Task to complete -
What is needed is an exact copy of every entry, without the pictures.

Data records -
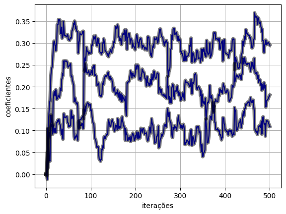 return y, e, w(y_torch_autograd, e_torch_autograd, w_torch_autograd) = lms_torch_autograd(x, d, eta, M)plot_ws(w_torch_autograd.numpy(), w_lms)
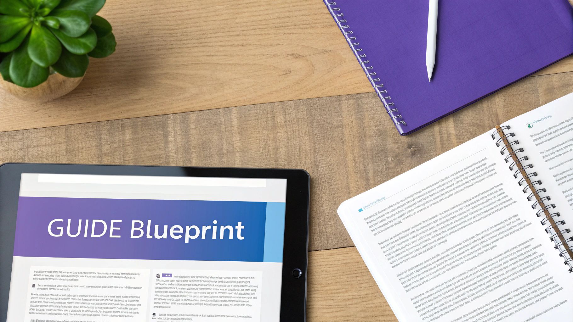 A quick reference guide template is essentially a ready-to-use framework for creating those super-handy, one-page documents that help your team get things done right—and fast. Think of it as a standardized blueprint. It ensures the most critical information is always presented in a clear, consistent way, turning what might be a complicated process into simple, easy-to-follow steps.
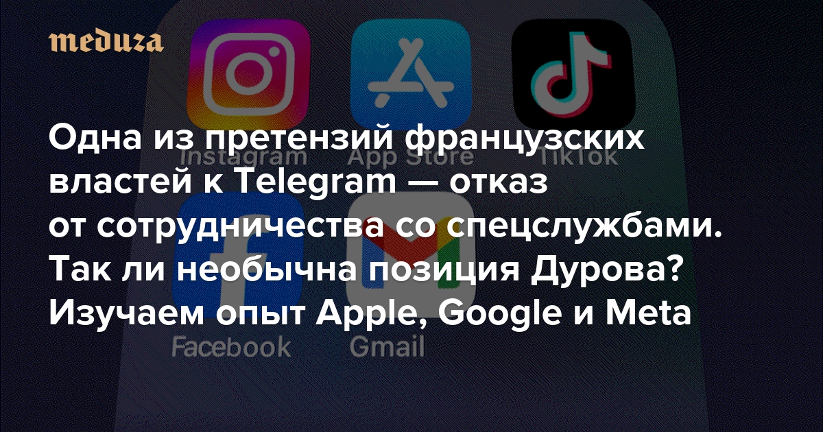 Одна из претензий французских властей к Telegram — отказ от сотрудничества со спецслужбами Так ли необычна позиция Дурова? Изучаем опыт Apple, Google и Meta
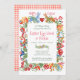 Um convite único e caprichoso para sua Páscoa Brunch, Picnic, Caça de Ovos ou junte-se! Motifs coloridos e alegres do estilo popular recebem primavera com flores, folhas, pássaros, borboletas e, claro, coelhos coelhos! Muito espaço para personalizar com todas as informações do seu partido; fácil de personalizar usando modelos de texto e menu de edição. O reverso da carta é um impressão de gingham rosa/coral giro. Arte original e design de Tuzi Williams.
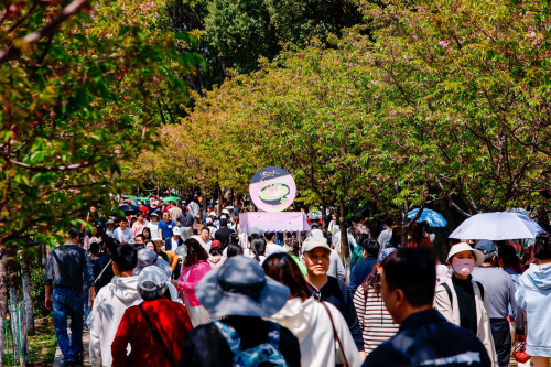 红粉佳人、迎春樱、郁金香、紫玉兰等景观花卉盛放迎客。
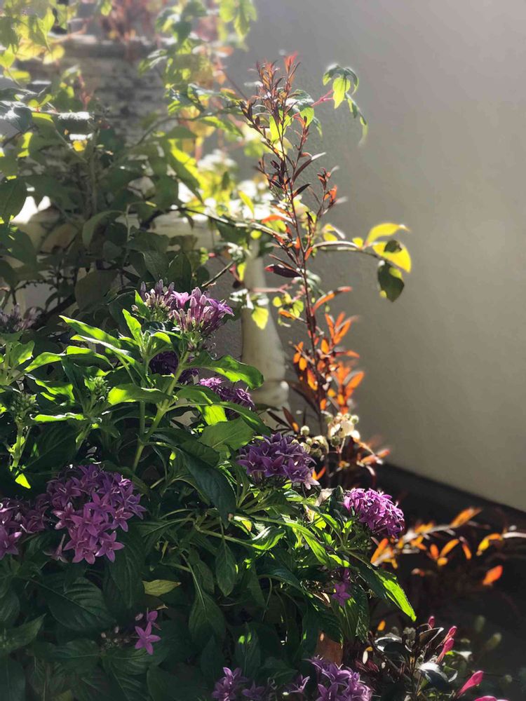 おはようございます^^朝日差す今朝のベランダから…🍀 ペンタスって最強かもです!暑さにも強く今も元気に咲き続けてくれてる٩( ᐛ )و♥️
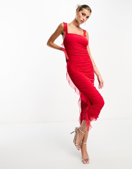 Flounce London – Czerwona sukienka mini z siateczki z falbanką i dekoltem karo
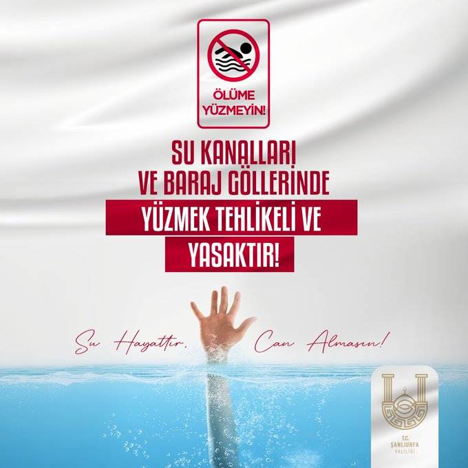 Şanlıurfa’da hava sıcaklıklarının artmasıyla son dönemde artan boğulma vakalarına karşı Valilikten uyarı yapıldı. Yapılan uyarıda, “Kendinizin ve sevdiklerinizin can güvenliği için, çeşitli riskler taşıyan su kanalları ve baraj göllerinde yüzmekten lütfen kaçınınız.” İfadelerine yer verildi.
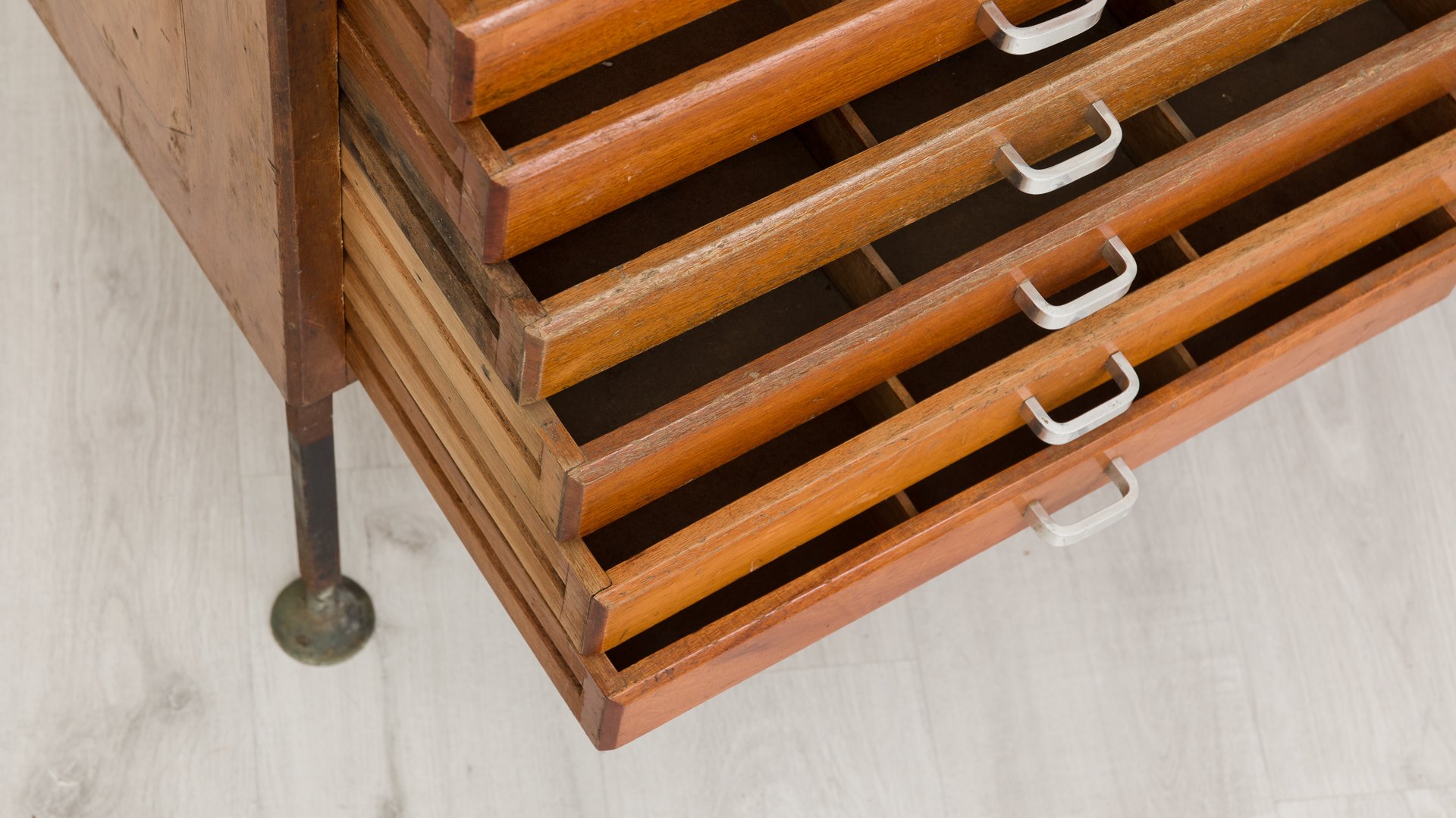 Bei diesen Theken handelt es sich um authentische Beispiele für Industriemöbel aus der Mitte des Jahrhunderts, die für den täglichen Gebrauch konzipiert wurden, aber dennoch einen einzigartigen Charakter besitzen. Der Eisenrahmen und die Beine wurden teilweise restauriert, um die Stabilität zu gewährleisten und die Patina zu erhalten.

Task answer -
 return y, e, w(y_torch_autograd, e_torch_autograd, w_torch_autograd) = lms_torch_autograd(x, d, eta, M)plot_ws(w_torch_autograd.numpy(), w_lms)
 A quick reference guide template is essentially a ready-to-use framework for creating those super-handy, one-page documents that help your team get things done right—and fast. Think of it as a standardized blueprint. It ensures the most critical information is always presented in a clear, consistent way, turning what might be a complicated process into simple, easy-to-follow steps.
 Одна из претензий французских властей к Telegram — отказ от сотрудничества со спецслужбами Так ли необычна позиция Дурова? Изучаем опыт Apple, Google и Meta
 Um convite único e caprichoso para sua Páscoa Brunch, Picnic, Caça de Ovos ou junte-se! Motifs coloridos e alegres do estilo popular recebem primavera com flores, folhas, pássaros, borboletas e, claro, coelhos coelhos! Muito espaço para personalizar com todas as informações do seu partido; fácil de personalizar usando modelos de texto e menu de edição. O reverso da carta é um impressão de gingham rosa/coral giro. Arte original e design de Tuzi Williams.
 红粉佳人、迎春樱、郁金香、紫玉兰等景观花卉盛放迎客。
 おはようございます^^朝日差す今朝のベランダから…🍀 ペンタスって最強かもです!暑さにも強く今も元気に咲き続けてくれてる٩( ᐛ )و♥️
 Flounce London – Czerwona sukienka mini z siateczki z falbanką i dekoltem karo
 Şanlıurfa’da hava sıcaklıklarının artmasıyla son dönemde artan boğulma vakalarına karşı Valilikten uyarı yapıldı. Yapılan uyarıda, “Kendinizin ve sevdiklerinizin can güvenliği için, çeşitli riskler taşıyan su kanalları ve baraj göllerinde yüzmekten lütfen kaçınınız.” İfadelerine yer verildi.
 Bei diesen Theken handelt es sich um authentische Beispiele für Industriemöbel aus der Mitte des Jahrhunderts, die für den täglichen Gebrauch konzipiert wurden, aber dennoch einen einzigartigen Charakter besitzen. Der Eisenrahmen und die Beine wurden teilweise restauriert, um die Stabilität zu gewährleisten und die Patina zu erhalten.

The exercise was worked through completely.